PROBLEM TO WORK ON: Return the listing below exactly as it stands. Pictures stay out.

STORED DATA:
* * * *
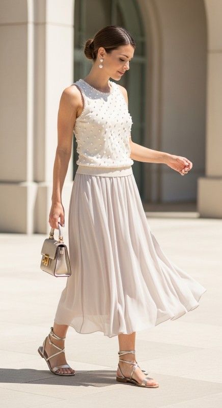 A simple ivory tank adorned with scattered pearl details paired with a flowing chiffon skirt creates understated luxury. The subtle embellishments catch light beautifully while the airy skirt ensures all-day comfort in warm weather. Style with metallic sandals and a structured mini bag for polished daytime elegance. Add pearl stud earrings and a sleek low bun for refined simplicity. This combination proves minimal details can make maximum feminine impact. Ideal for luncheons or sophisticated casual gatherings.
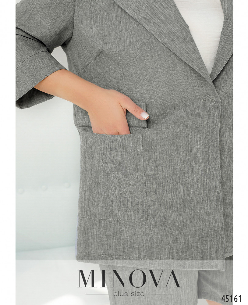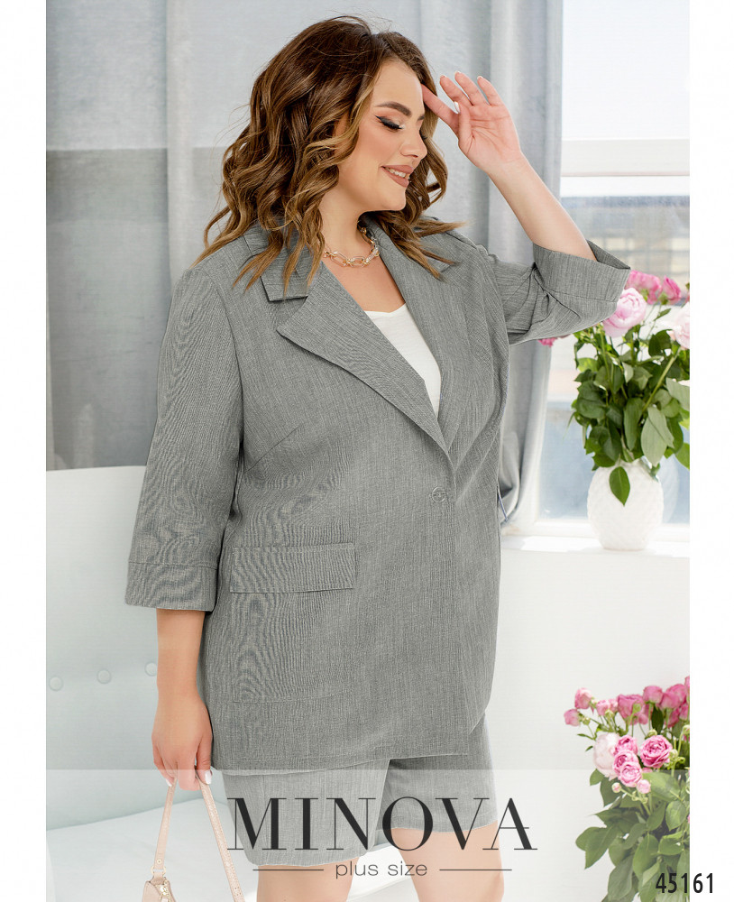 Минималистичный однотонный костюм с пиджаком и шортами - идеальное решение для лета. Классический жакет с лацканами, рукавами 3/4 и накладными карманами застегивается на одну пуговицу. Его дополняют лаконичные шорты с карманами и резинкой в задней части пояса.
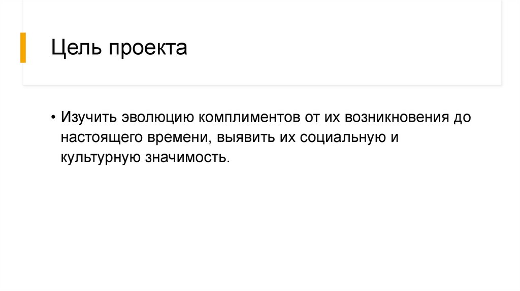 Цель проекта• Изучить эволюцию комплиментов от их возникновения до
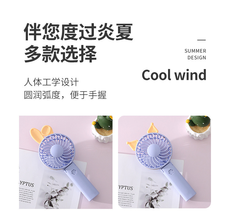 萌趣可爱手持迷你简约小风扇 usb充电便携式折叠电扇批发制定logo
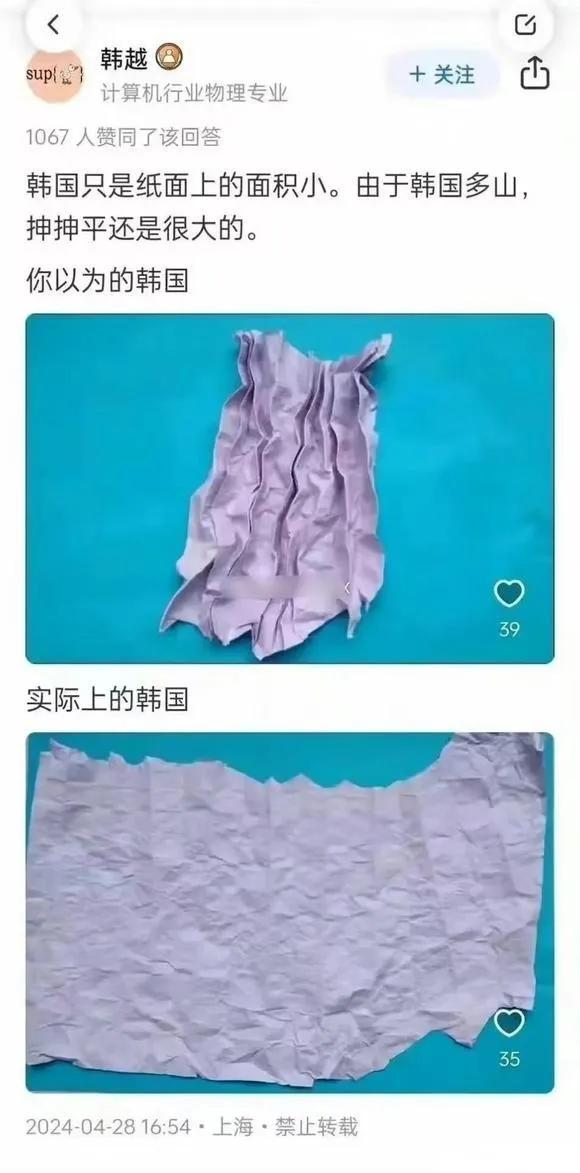 我不反对这个理论,你倒是把他撵平了,利用起来啊。你要是这么说那把青藏高原的土方搬去填海削成平原那我们国家岂不是国土面积世界第一了?问题是你想填就填,想抻就抻的?坏事拼命的往中国推,好事拼命往怀里揽,见不得说一点坏话,这群人现实没见过。说得好像韩国的人和动植物受到的地球引力都是垂直于地表而不是竖直向下的似的。你要这么说我可就给你买个熨斗了啊。
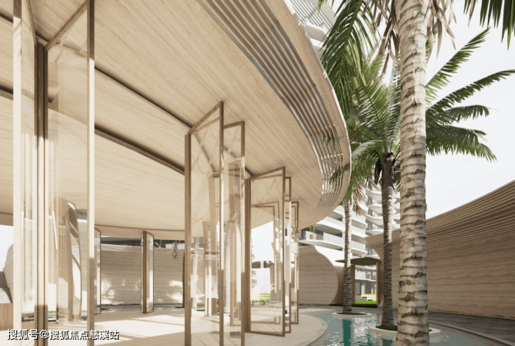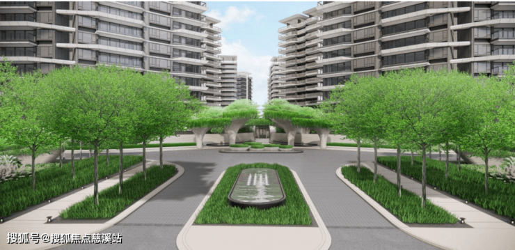 -129米进深四重水景中轴空间造型花池和弧形景墙打造庄严大气仪式感十足的入口空间。
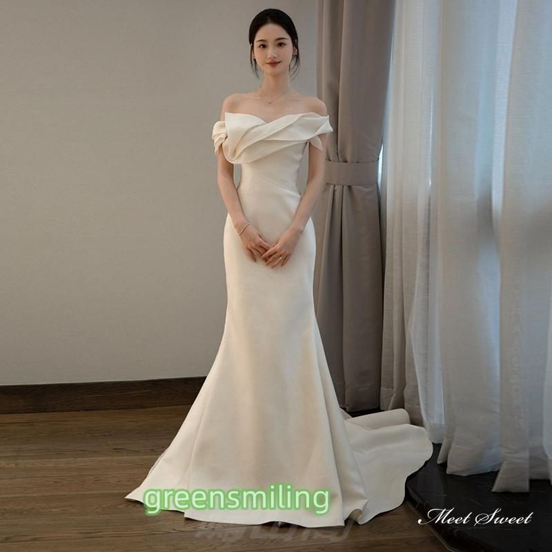 ウェディングドレス ウエディングドレス ロングドレス 二次会 結婚式 前撮り ブライダル 花嫁 オフショルダー ファスナー サテン トレーン WP数量限定価格926
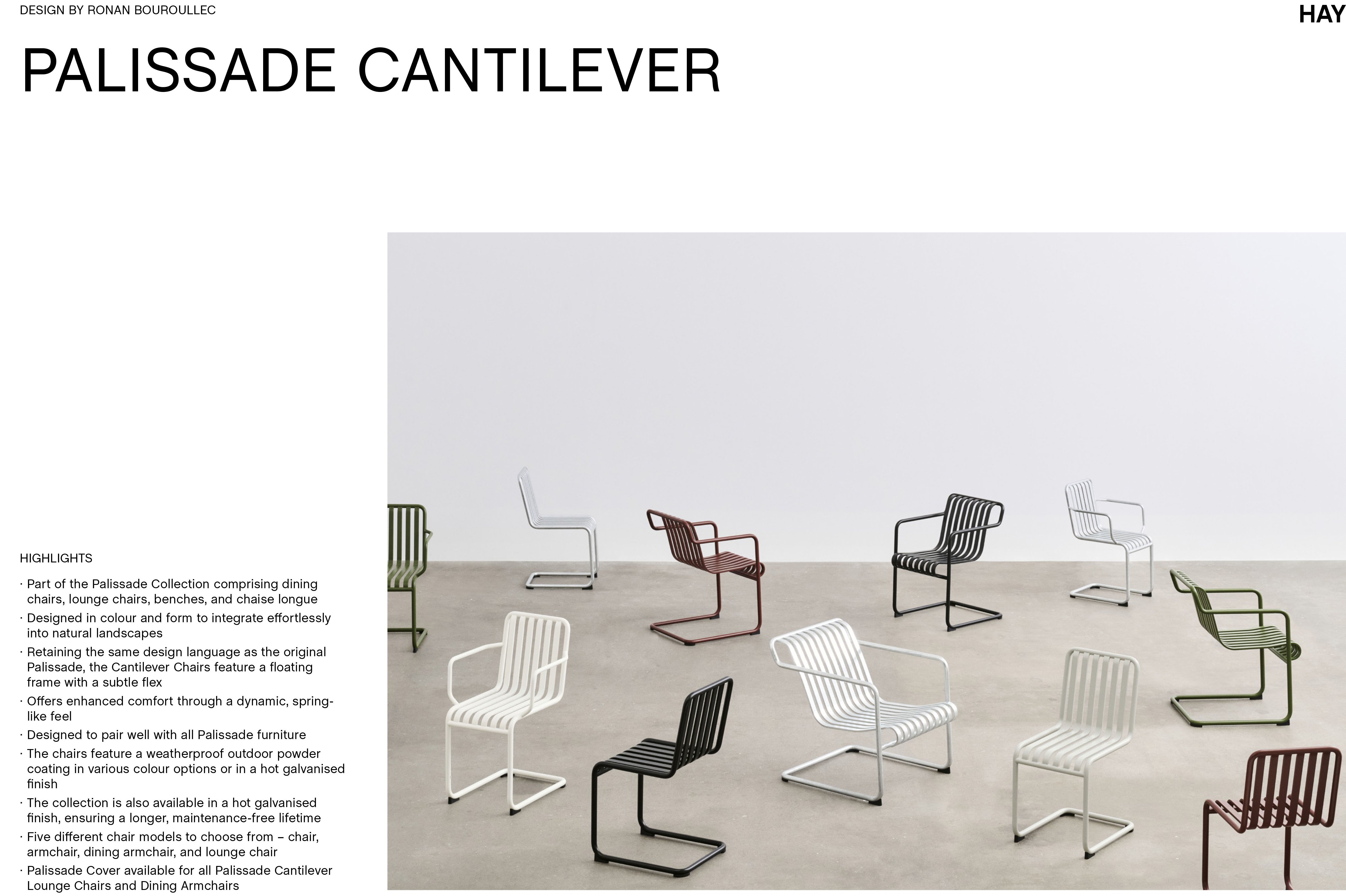 The Palissade Dining cantilever chair designed by Ronan Bouroullec gives the iconic outdoor series a particularly graceful expression thanks to its floating frame construction. The retention of the characteristic, symmetrical design language guarantees the timeless aesthetics of the original design. Thanks to the gentle yielding of the material, the chair offers a high level of comfort and a pleasant sitting experience - perfect for cosy summer evenings outdoors.
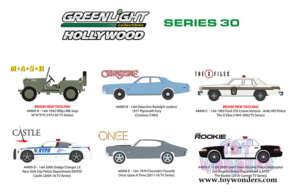 44900/48 Greenlight Hollywood Series 30 - Greenlight has put the love of the silver screen into something slightly smaller with 1:64th scale replicas. Greenlight Hollywood takes iconic film and television vehicles from both the past and present and brings them to life with four-wheeled diecast replicas. 1:64 scale diecast collectible model. These cars are between 2.25" and 3.25" long diecast model cars. Each car individually blister carded. Card size: 5.5" x 7.5". Manufactured by Greenlight.
* * * *
THE ANSWER:
 A simple ivory tank adorned with scattered pearl details paired with a flowing chiffon skirt creates understated luxury. The subtle embellishments catch light beautifully while the airy skirt ensures all-day comfort in warm weather. Style with metallic sandals and a structured mini bag for polished daytime elegance. Add pearl stud earrings and a sleek low bun for refined simplicity. This combination proves minimal details can make maximum feminine impact. Ideal for luncheons or sophisticated casual gatherings.
 Минималистичный однотонный костюм с пиджаком и шортами - идеальное решение для лета. Классический жакет с лацканами, рукавами 3/4 и накладными карманами застегивается на одну пуговицу. Его дополняют лаконичные шорты с карманами и резинкой в задней части пояса.
 Цель проекта• Изучить эволюцию комплиментов от их возникновения до
 萌趣可爱手持迷你简约小风扇 usb充电便携式折叠电扇批发制定logo
 我不反对这个理论,你倒是把他撵平了,利用起来啊。你要是这么说那把青藏高原的土方搬去填海削成平原那我们国家岂不是国土面积世界第一了?问题是你想填就填,想抻就抻的?坏事拼命的往中国推,好事拼命往怀里揽,见不得说一点坏话,这群人现实没见过。说得好像韩国的人和动植物受到的地球引力都是垂直于地表而不是竖直向下的似的。你要这么说我可就给你买个熨斗了啊。
 -129米进深四重水景中轴空间造型花池和弧形景墙打造庄严大气仪式感十足的入口空间。
 ウェディングドレス ウエディングドレス ロングドレス 二次会 結婚式 前撮り ブライダル 花嫁 オフショルダー ファスナー サテン トレーン WP数量限定価格926
 The Palissade Dining cantilever chair designed by Ronan Bouroullec gives the iconic outdoor series a particularly graceful expression thanks to its floating frame construction. The retention of the characteristic, symmetrical design language guarantees the timeless aesthetics of the original design. Thanks to the gentle yielding of the material, the chair offers a high level of comfort and a pleasant sitting experience - perfect for cosy summer evenings outdoors.
 44900/48 Greenlight Hollywood Series 30 - Greenlight has put the love of the silver screen into something slightly smaller with 1:64th scale replicas. Greenlight Hollywood takes iconic film and television vehicles from both the past and present and brings them to life with four-wheeled diecast replicas. 1:64 scale diecast collectible model. These cars are between 2.25" and 3.25" long diecast model cars. Each car individually blister carded. Card size: 5.5" x 7.5". Manufactured by Greenlight.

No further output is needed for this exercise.